AVAILABLE DATA:

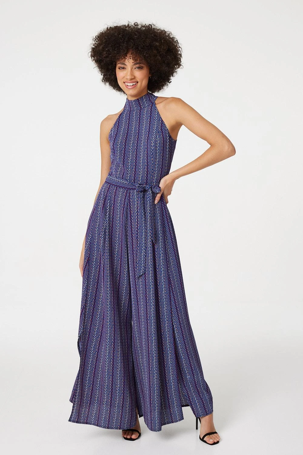 IZABEL LONDON | Swap your usual occasion dress for a glamorous jumpsuit like this one in a statement geo print. It has a halter neck, self tie waist, and a wide leg silhouette with front splits. Style with your favourite strappy heels to turn heads at any party.
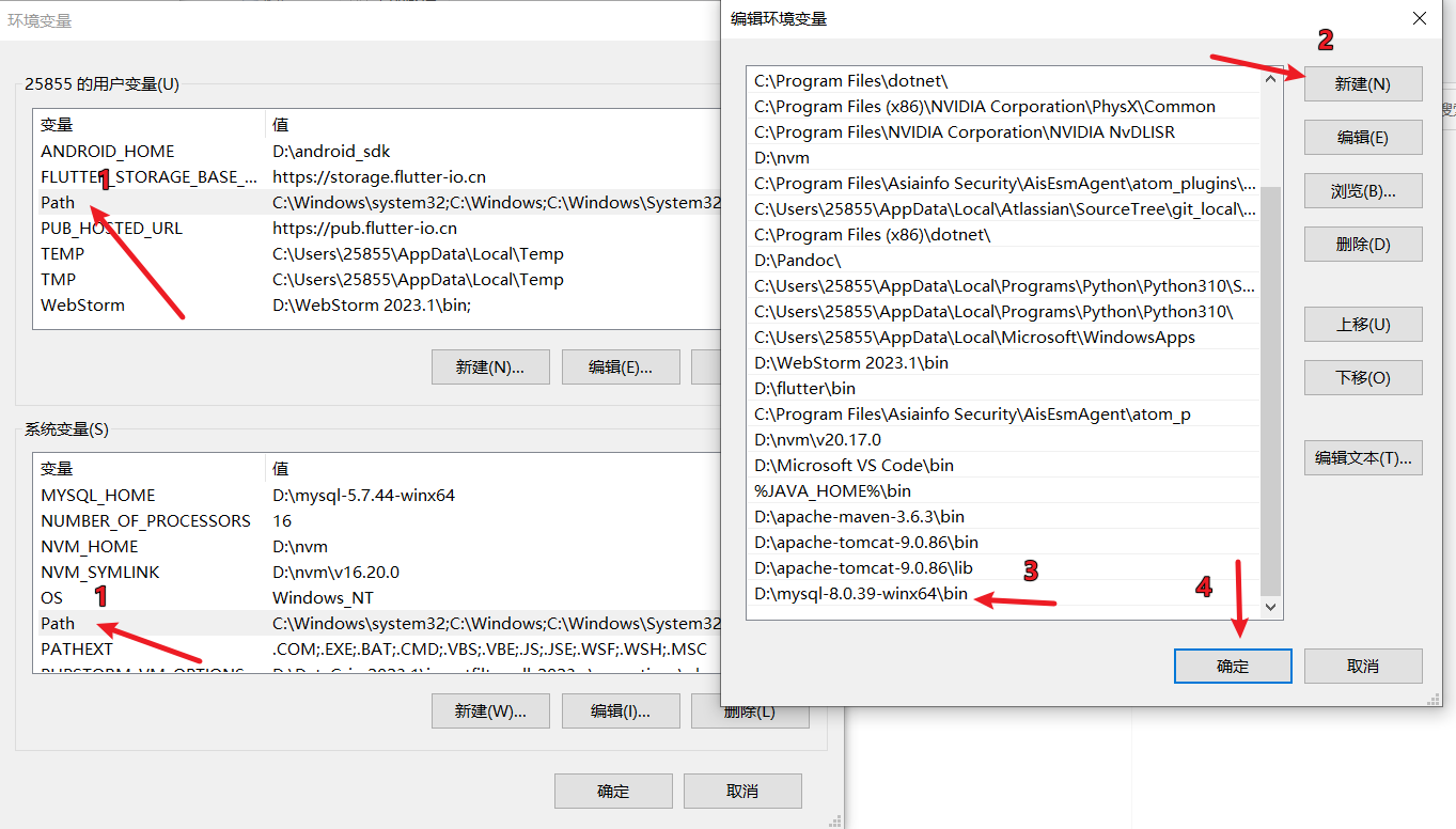 在用户变量和系统变量中找到Path 两个都需要配置 配置内容为你文件的路径后面+bin 并且只能存在一个mysql的环境变量
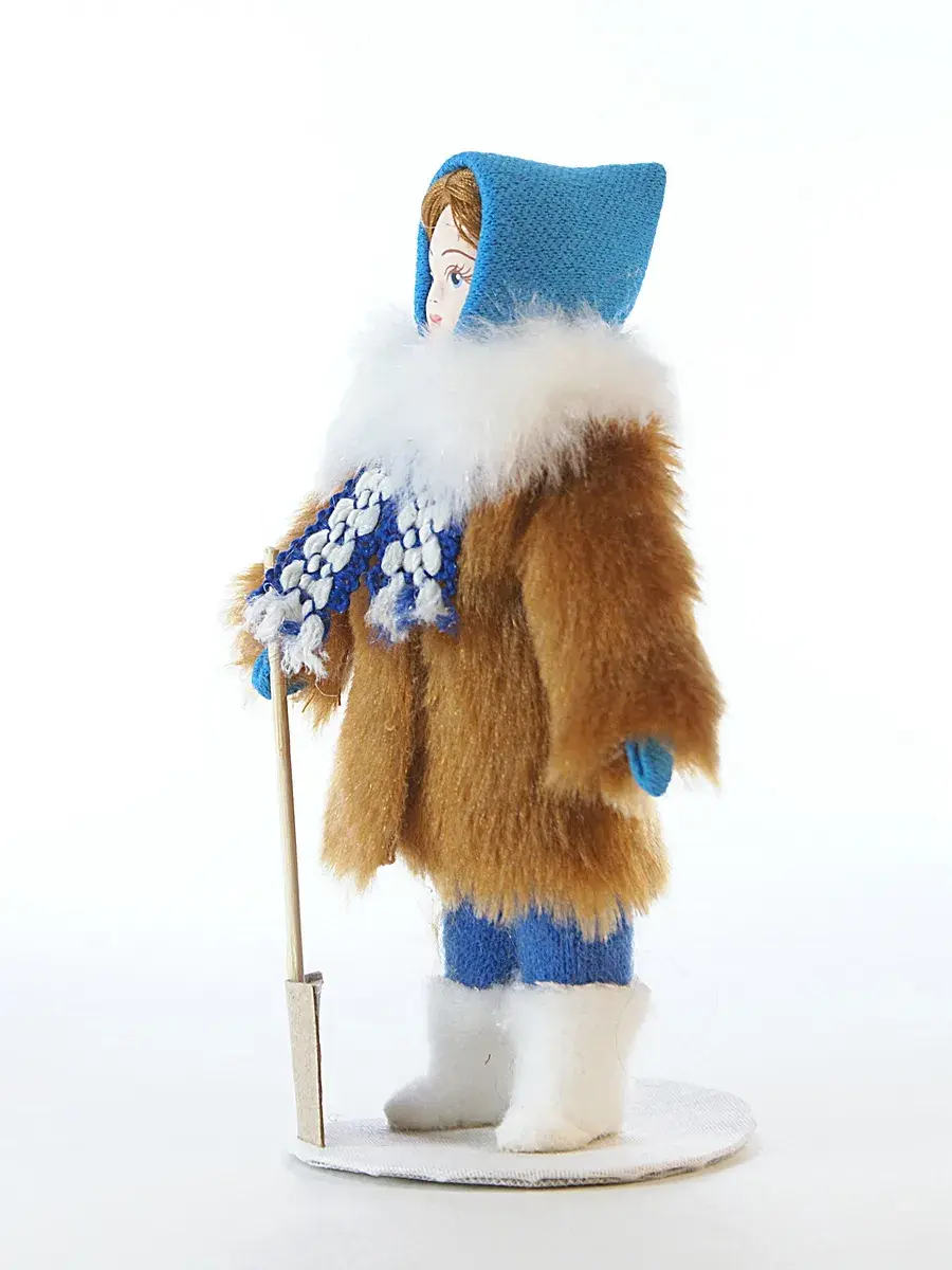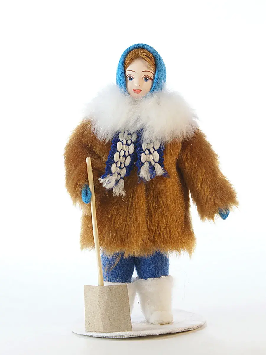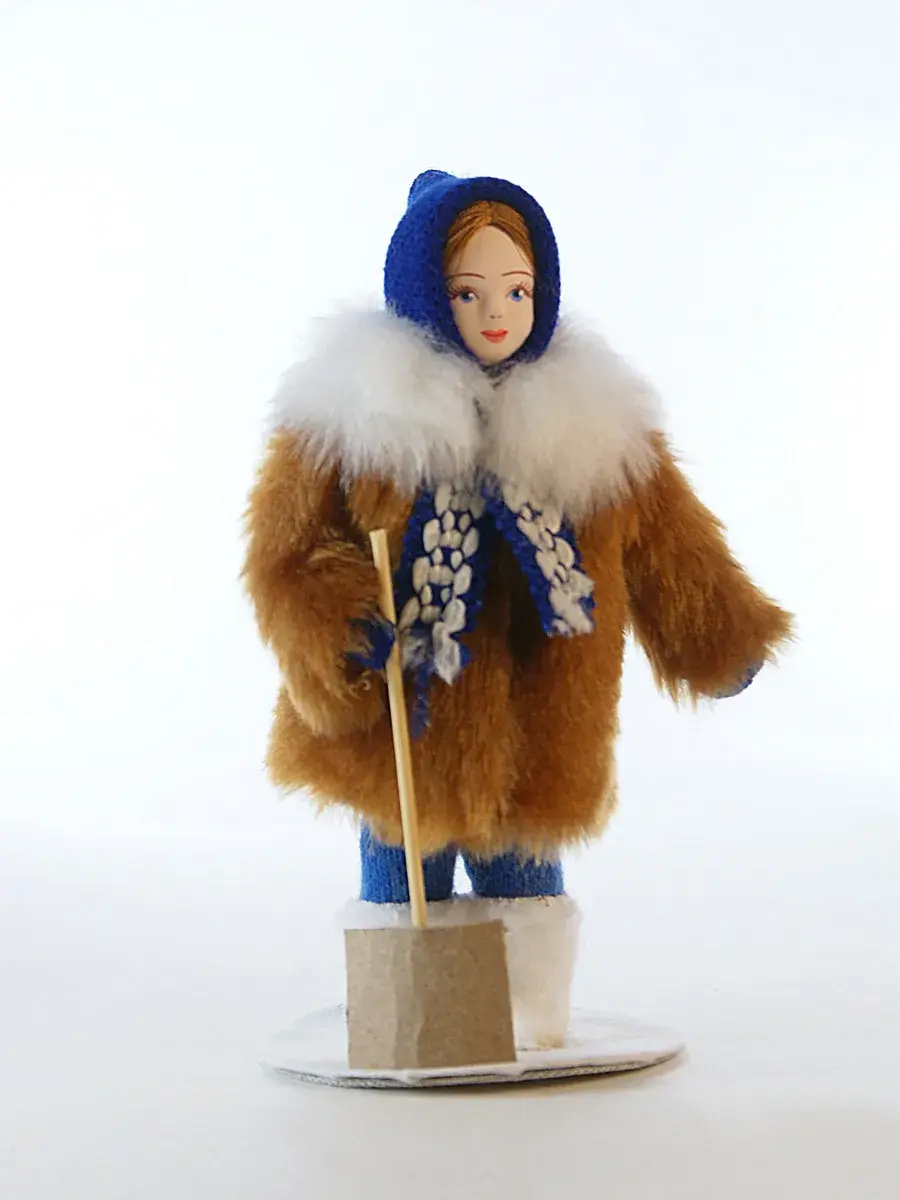 Сувенирная кукла ручной работы Девочка в зимней одежде с лопаткой, 1970-80-е гг. Россия., СССР.

PROBLEM:
Every line between the one containing "在用户变量和系统变量中找到Path 两个都需要配置 配置内容为你文件的路径后面+bin" and the end of the listing, both included, needs to be retyped exactly, minus the pictures.

WRITTEN ANSWER:
 在用户变量和系统变量中找到Path 两个都需要配置 配置内容为你文件的路径后面+bin 并且只能存在一个mysql的环境变量
 Сувенирная кукла ручной работы Девочка в зимней одежде с лопаткой, 1970-80-е гг. Россия., СССР.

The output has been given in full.